He was, some people thought, possibly the best Healer St. Mungo's had.

But nothing had ever told him how to do this.

He did not know how he was going to walk out of this room and tell Harry Potter that he didn't know-that he could not promise anything…

Dear Merlin! Even in his thoughts, he couldn't put it into words! This was his job-but it had never before appeared to him as daunting and impossible as it did right then.

How was he going to tell Harry Potter?

He knew-as everyone did-how much Harry Potter loved his wife. And even if he hadn't known before, he certainly would now after seeing Mr. Potter's face in this past long week of waiting and worrying.

And now…

Harry Potter was, Matt had no doubt, probably the most courageous wizard alive. And Matt cringed at the thought of having to go outside and break this news.

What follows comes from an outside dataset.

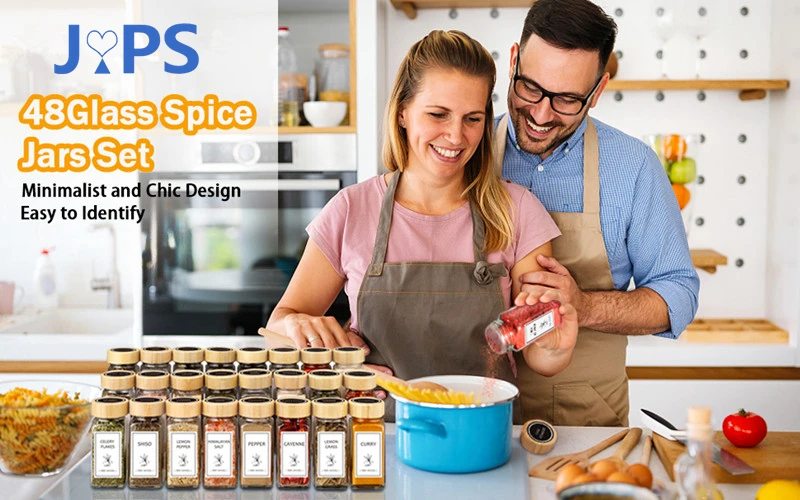 Barattoli DI VETRO PREMIUM SPESSO: questi barattoli di spezie sono realizzati in vetro addensato con forme quadrate di alta visibilità a alta trasparenza, puoi vedere i contenuti nei vasetti direttamente con cosa all’interno e quanto sinistra.
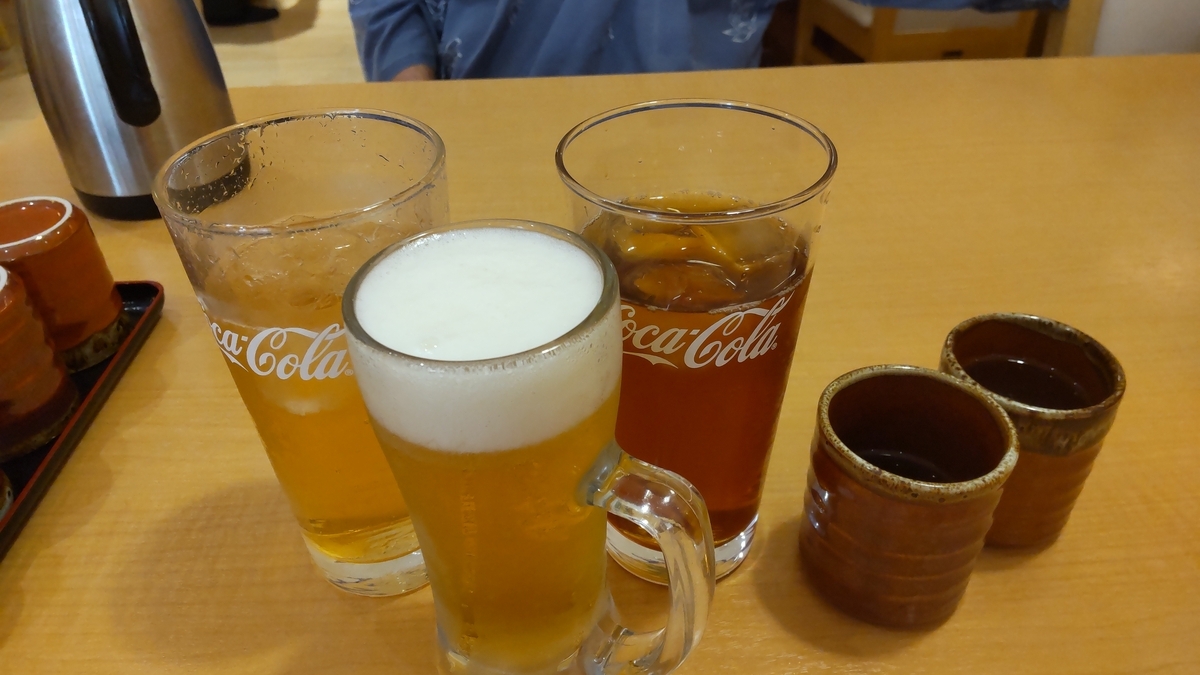 ダンナ👨はお酒は飲まないのでソフトドリンク2杯。モモはビールの後で熱燗🍶

He washed his hands with ostentatious thoroughness, looked once more at all the various monitors in the room and then checked them again as if he thought her condition might have changed in the past few seconds, glanced around the room searching for something-anything-which needed to be done, anything to avoid leaving the room but there was nothing.

He couldn't avoid it any longer.

He took a deep breath, mentally bracing himself, trying to bring to mind the calm, comforting, professional speech he used in times like this, and then he opened the door and stepped outside.

Mr. Potter spun sharply in his pacing to face Matt-and every last word died in his throat. And he saw that he need not have worried about what to say. There was no need for words. Mr. Potter's gaze took one look at Matt's expression and Matt knew he knew.

(So much for his calm, professional mask, some corner of his mind thought peripherally.)

Matt automatically, unconsciously, took a step back, flinching from the intensity-the savagery-of Mr. Potter's expression-and his eyes!

"Don't tell me that!" he snapped. "You can't tell me that! I don't believe it!" his sentences were short, staccato, his voice harsh in the silence of the private corridor. For a moment, his throat worked and then with a strangled sound, he pushed his way into the room with enough force as if he needed to break a brick wall down to get through the door.

Leaving Matt shaken and stunned and moved by a surge of sympathy so strong it nearly knocked him off his feet.

Great gods! Matt suddenly wondered if this was what the late, unlamented Tom Riddle had felt like when he had faced Harry Potter for the last time so many decades ago. And for the first time, he realized why so many people spoke of Harry Potter with respect, yes, but also with a healthy dose of fear.

He hadn't been able to understand it, really. The first time he'd met Harry Potter, he'd been struck more by how very normal, almost mild, Harry Potter seemed. There was nothing overt to show that he was a hero who had saved the wizarding world several times over. Oh, it was generally clear after spending any amount of time in his company that he was a powerful wizard but there were other powerful wizards who didn't strike the least bit of fear into people's hearts. Mr. Potter didn't aggrandize himself or boast or threaten or in any way seem anything other than a polite, good-natured sort of fellow. Not that he was meek but he seemed perfectly willing and able to accept other people as equals and treat them as such. Indeed, Matt had been rather disappointed after first meeting Harry Potter to find that the hero didn't seem like much of a hero at all.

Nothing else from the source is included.